Encuentros con hombres notables
Para un acercamiento a la doctrina mística de George Gurdjieff
De la ortodoxia al esoterismo
Para finales del siglo XI, las tensiones entre las sedes cristianas de Roma y Constantinopla ya no eran meros entredichos alrededor de asuntos teológicos; se habían convertido en barreras culturales y políticas cada día más insostenibles. Las diferencias entre ambas tradiciones se habían agudizado, alimentadas por un contexto de desconfianza mutua sobre la autoridad espiritual. Desde hacía siglos, la Iglesia de Roma, en Occidente, y la Iglesia de Constantinopla, en Oriente, desarrollaban prácticas, lenguajes e interpretaciones que diferían entre sí en términos sustanciales.

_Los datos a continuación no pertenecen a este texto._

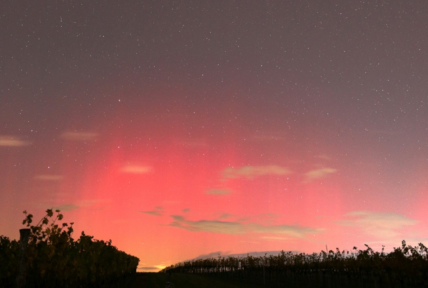 Kommentar: schwaches rotes Glimmen im Norden, zu dem SAR-Bogen

Uno de los grandes parteaguas teológicos de este enfrentamiento se dio ante la inclusión de la cláusula Filioque en el Credo, una adenda occidental a lo establecido por los concilios de Nicea y Constantinopla. En apariencia simple, esta adición consistía en tan solo una frase que sostenía que el Espíritu Santo procedía “del Padre y del Hijo”. Esto resultaba inaceptable para la teología oriental, que creía que el Espíritu Santo procedía sólo del Padre, como establecía el texto griego original de las primeras versiones de la Biblia.
Ante tal dilema, los teólogos orientales argumentaban que el Filioque distorsionaba la comprensión de la Trinidad al implicar una “doble procesión” del Espíritu Santo, algo que ellos creían incompatible con la idea de que el Padre era la única fuente de la divinidad. Según estos teólogos, el Filioque reflejaba la influencia de San Agustín que tendía a racionalizar la teología, algo que consideraban una desviación de la tradición mística de Oriente. Otros aseguran que el origen del conflicto no fue sólo teológico sino también político: la introducción unilateral de la cláusula fue vista en Oriente como una ruptura de la comunión.
Este percance, que a ojos de un tercero puede ser visto como la disputa por un detalle ínfimo, desencadenó una oleada de discusiones, posicionamientos y divisiones que persistieron durante siglos. Así fue como llegamos al Gran Cisma, en el año 1054, la división formal que finalmente separó a la Iglesia en dos ramas: la Iglesia Católica en Occidente y la Iglesia Ortodoxa en Oriente. De esta manera, el cristianismo ortodoxo se terminó de cristalizar como una tradición distinta, con Constantinopla como centro espiritual.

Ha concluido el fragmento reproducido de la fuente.